◆ Problem statement: Below are some records. Write out exactly their lines from the one with "中饭任务完成,吃着石榴享受阳光" through the one with "公園内では10日から盛岡さく", and leave the pictures behind.

◆ The data:

====

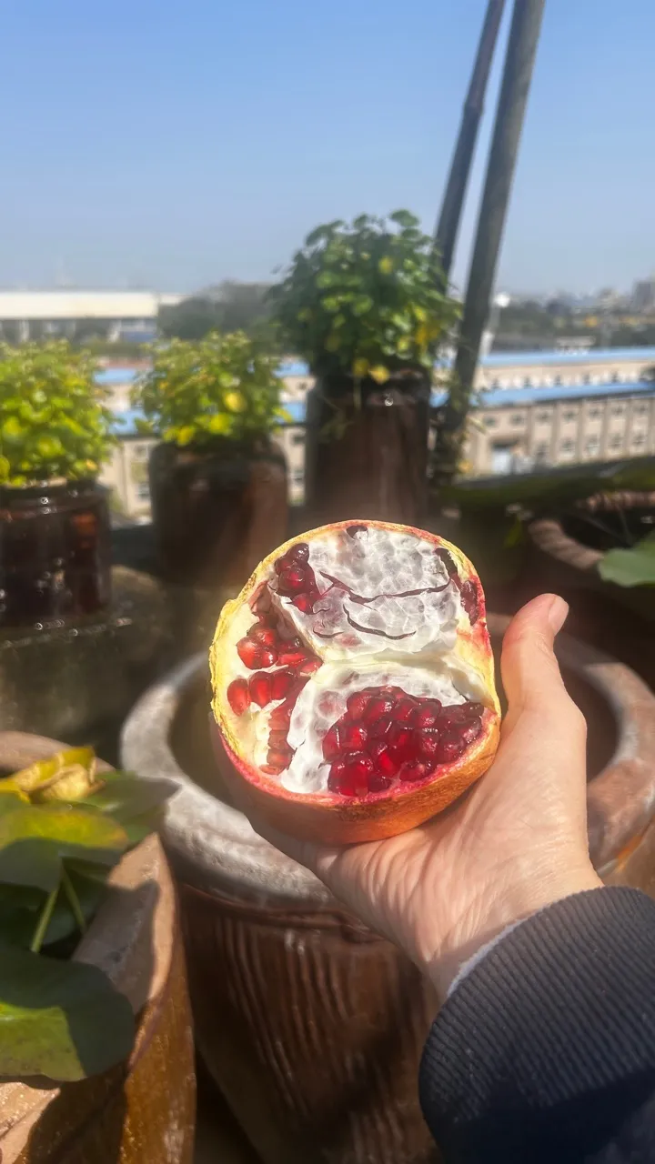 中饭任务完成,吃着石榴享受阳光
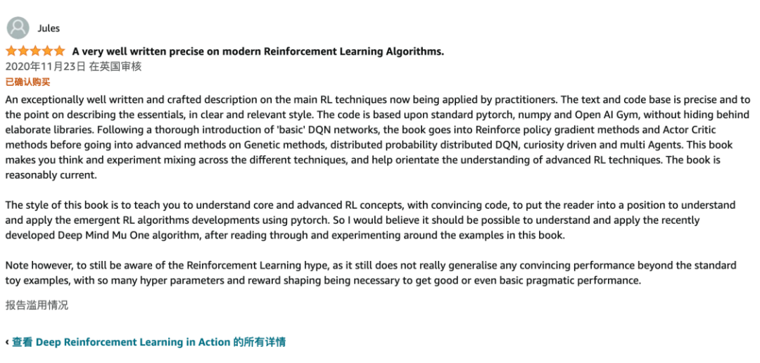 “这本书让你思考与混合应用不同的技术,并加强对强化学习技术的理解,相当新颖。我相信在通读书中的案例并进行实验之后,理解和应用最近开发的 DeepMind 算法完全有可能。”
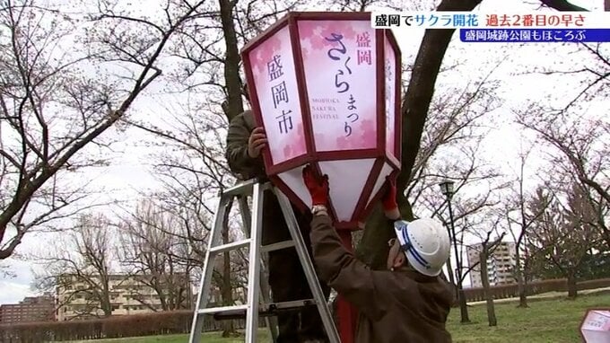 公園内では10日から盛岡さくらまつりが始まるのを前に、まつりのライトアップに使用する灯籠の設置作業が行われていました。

====

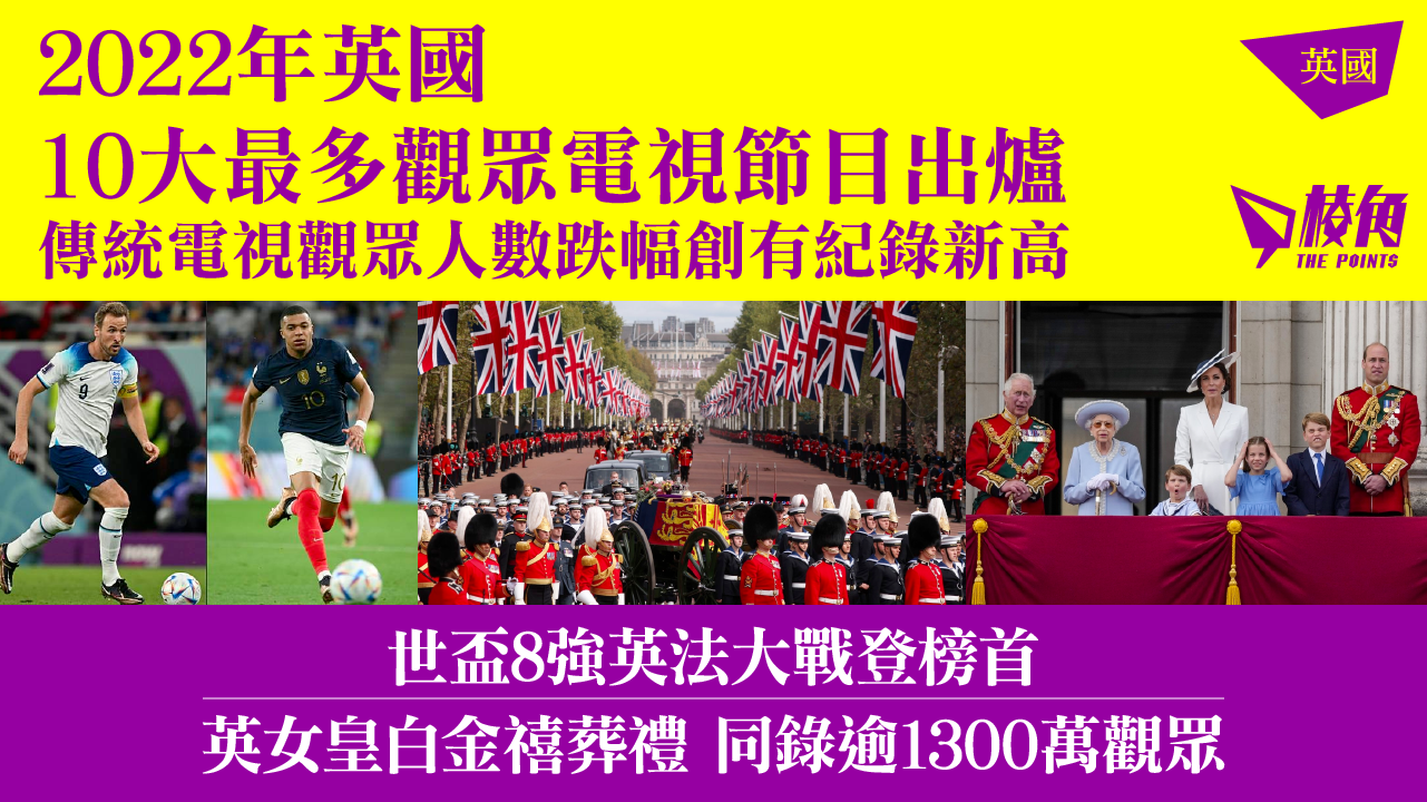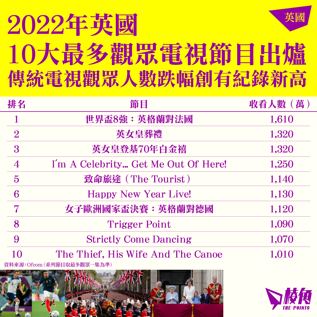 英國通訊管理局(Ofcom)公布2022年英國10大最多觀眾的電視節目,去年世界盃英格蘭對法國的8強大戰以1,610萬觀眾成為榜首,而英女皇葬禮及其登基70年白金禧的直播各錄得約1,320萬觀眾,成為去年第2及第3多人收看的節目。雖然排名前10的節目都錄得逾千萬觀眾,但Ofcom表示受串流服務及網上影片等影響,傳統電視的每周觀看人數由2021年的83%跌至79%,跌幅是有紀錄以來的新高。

====

◆ Answer space:
 中饭任务完成,吃着石榴享受阳光
 “这本书让你思考与混合应用不同的技术,并加强对强化学习技术的理解,相当新颖。我相信在通读书中的案例并进行实验之后,理解和应用最近开发的 DeepMind 算法完全有可能。”
 公園内では10日から盛岡さくらまつりが始まるのを前に、まつりのライトアップに使用する灯籠の設置作業が行われていました。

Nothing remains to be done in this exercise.